"Why Carbon Credits For Forest Preservation May Be Worse Than Nothing"
"RIO BRANCO, Brazil — The state of Acre, on the western edge of Brazil, is so remote, there’s a national joke that it doesn’t exist. But for geochemist Foster Brown, it’s the center of the universe, a place that could help save the world.
“This is an example of hope,” he said, as we stood behind his office at the Federal University of Acre, a tropical campus carved into the Amazon rainforest. Brown placed his hand on a spindly trunk, ordering me to follow his lead. “There is a flow of water going up that stem, and there is a flow of sap coming down, and when it comes down it has carbon compounds,” he said. “Do you feel that?”
I couldn’t feel a thing. But that invisible process holds the key to a massive flow of cash into Brazil and an equally pivotal opportunity for countries trying to head off climate change without throwing their economies into turmoil. If the carbon in these trees could be quantified, then Acre could sell credits to polluters emitting clouds of CO₂. Whatever they release theoretically would be offset, or canceled out, by the rainforest.

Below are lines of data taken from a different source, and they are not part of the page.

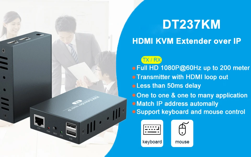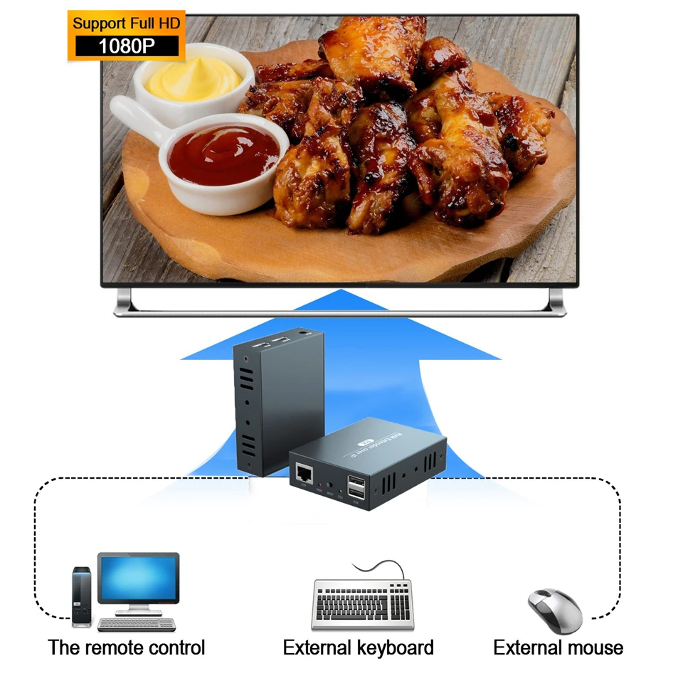 2022 mejor red IP HDMI USB teclado ratón KVM extensor 200m sobre TCP IP 1080P HDMI KVM extensor a través de RJ45 Cat5e/6 Cable para PC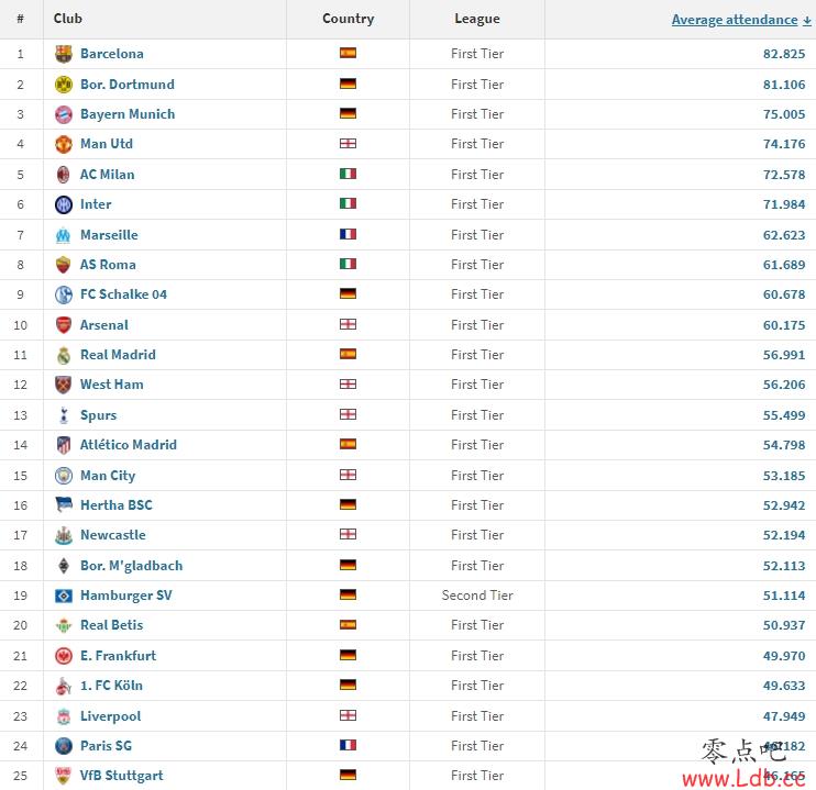 零点吧足球2月7日讯 德国转会市场对五大联赛各球队本赛季主场平均上座人数做出了统计,巴萨主场诺坎普以82825人位列第一,多特81106人居次席,拜仁慕尼黑75005人列第三位。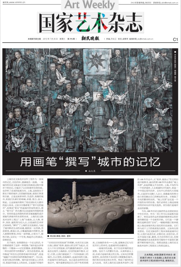 上海历史文脉美术创作工程作为一座城市的记忆,历经四年,圆满地告一段落。一座城市的历史文脉是它在诞生和演进过程中留存下的印记,它蕴含了以往积累的宝贵经验,也孕育了未来的发展方向。上海,这座我生于斯长于斯的城市,回首她的发展,使我们欣喜和自豪。正是这座革命的、先进的、英雄的城市,和我们先辈们的呐喊、祈愿、努力、奋斗、积淀,让这座城市拥有了现在国际化大都市的迷人风采。正如卡尔维诺笔下“看不见的城市”,如果说“看见”的是城市的显性部分,那么“看不见”的大概可以说是城市的隐性部分,而恰恰是这些隐性的甚至被遮蔽的或许更能代表城市的本质和未来。上海历史文脉美术创作工程以“上海”为载体,以人物、事件、风俗、建筑等为切入点,以绘画的艺术样式来体现,“撰写”了上海的文化发展史,勾起了城市鲜活生动的灵魂,她犹如一坛烈酒,苦涩甜美,渗透心灵;正像遍地盛开的鲜花,使人羡慕和赞美;恰似一面明镜,正视当下,豁然开朗;又好比一个号角,唤起内心的涌动,奋勇前进。
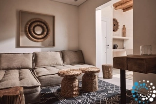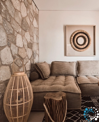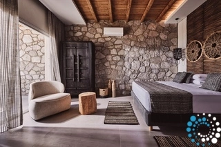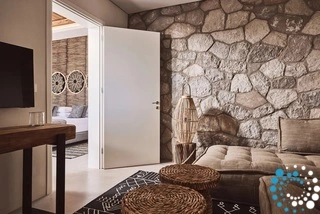 Inside the villa, warm earthy hues dominate the décor, complemented by wooden furniture that brings a natural, serene vibe. Stone accents are used throughout, generating a relaxing atmosphere while keeping the interiors cool during the hot summer months.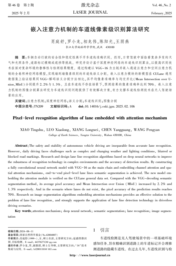 地科学院罗小龙副教授团队成员肖庭舒在期刊《激光杂志》上发表题为“嵌入注意力机制的车道线像素级识别算法研究”的研究论文。澳门十大网投正规官网平台为论文第一署名单位,硕士研究生肖庭舒为论文第一作者,其导师罗小龙副教授为该文通讯作者。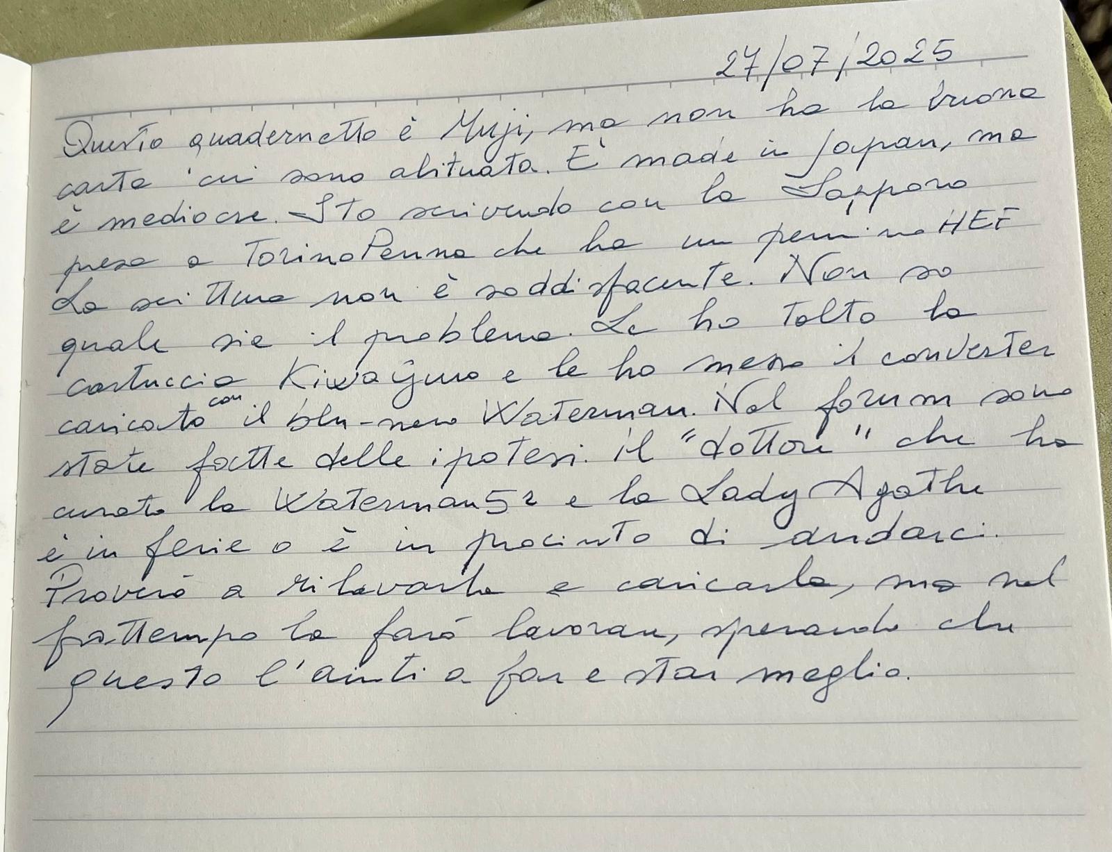 Nel caso, più avanti, quando potrai, molto parzialmente (se non hai già provato) ti consiglio di provare con la Platinum 3776. Io ancora non ho provato l'UEF ma intendo farlo quanto prima possibile. Ho tutti pennini EF e F. E' una penna dal flusso facile, con alcuni inchiostri è perfino abbondante, il pennino è affidabilissimo ed è più rigido dei Sailor, permettendo di essere dinamici con la scrittura senza inciampi dei rebbi che si separano e "mordono" il foglio. Ritengo che potresti trovarti molto bene.AinNithael ha scritto: ↑domenica 27 luglio 2025, 11:25Porca paletta! O meglio miseria! Le royalty del libro sono arrivate ieri, ma come sempre sono la dimostrazione di quanto la mia scrittura non sia molto amata, riuscirò a malapena ad acquistare la LECOULESimy ha scritto: ↑domenica 27 luglio 2025, 9:26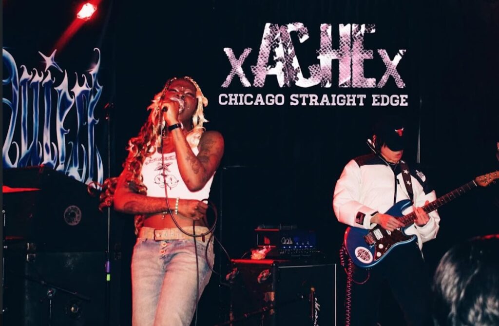 Chicago straight edge band ACHE performs a high-energy set, further cementing their place in the city’s DIY music scene. Credit: Kaelah Serrano | @stargvzingg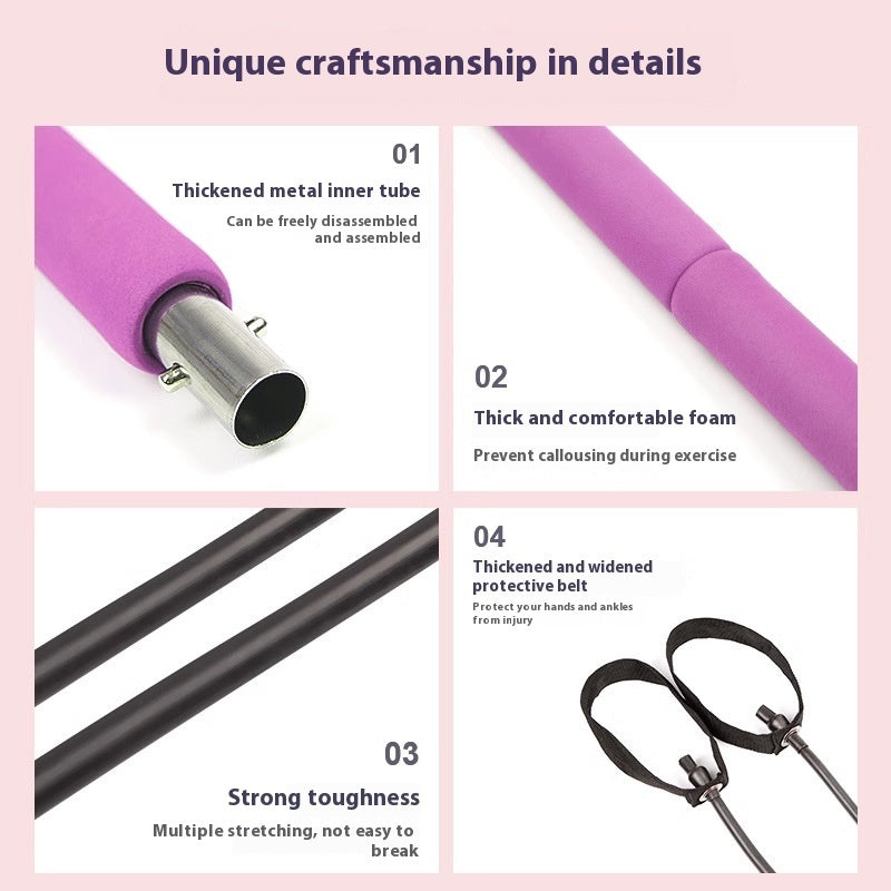 Tone and strengthen your core, glutes, arms, and legs with this compact Pilates stick with tension rope. Perfect for home workouts, it helps slim, lift, and sculpt your body efficiently.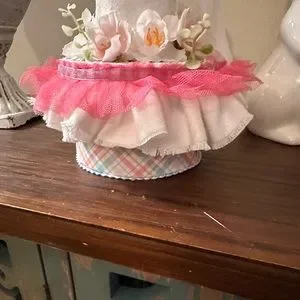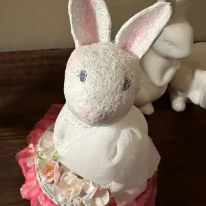 This glittery handmade clay rabbit is decked out for that special occasion! She sits atop of a weighted box covered in plaid paper,(not made to open) muslin, tulle, ribbons and light tones of cherry blossoms. Box and rabbit are a total of 9 inches tall. Shes a one of a kind!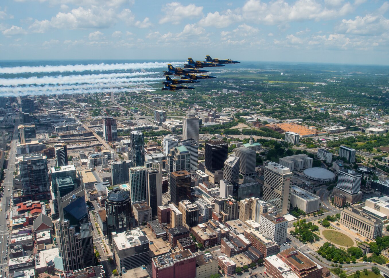 200514-N-YO638-1303 NASHVILLE (May 14, 2020) The U.S. Navy Flight Demonstration Squadron, the Blue Angels honored frontline COVID-19 first responders and essential workers with formation flights over Nashville and Little Rock on May 14, 2020. (U.S. Navy photo by Mass Communication Specialist 2nd Class Cody Hendrix/Released)

... In case after case, I found that carbon credits hadn’t offset the amount of pollution they were supposed to, or they had brought gains that were quickly reversed or that couldn’t be accurately measured to begin with. Ultimately, the polluters got a guilt-free pass to keep emitting CO₂, but the forest preservation that was supposed to balance the ledger either never came or didn’t last."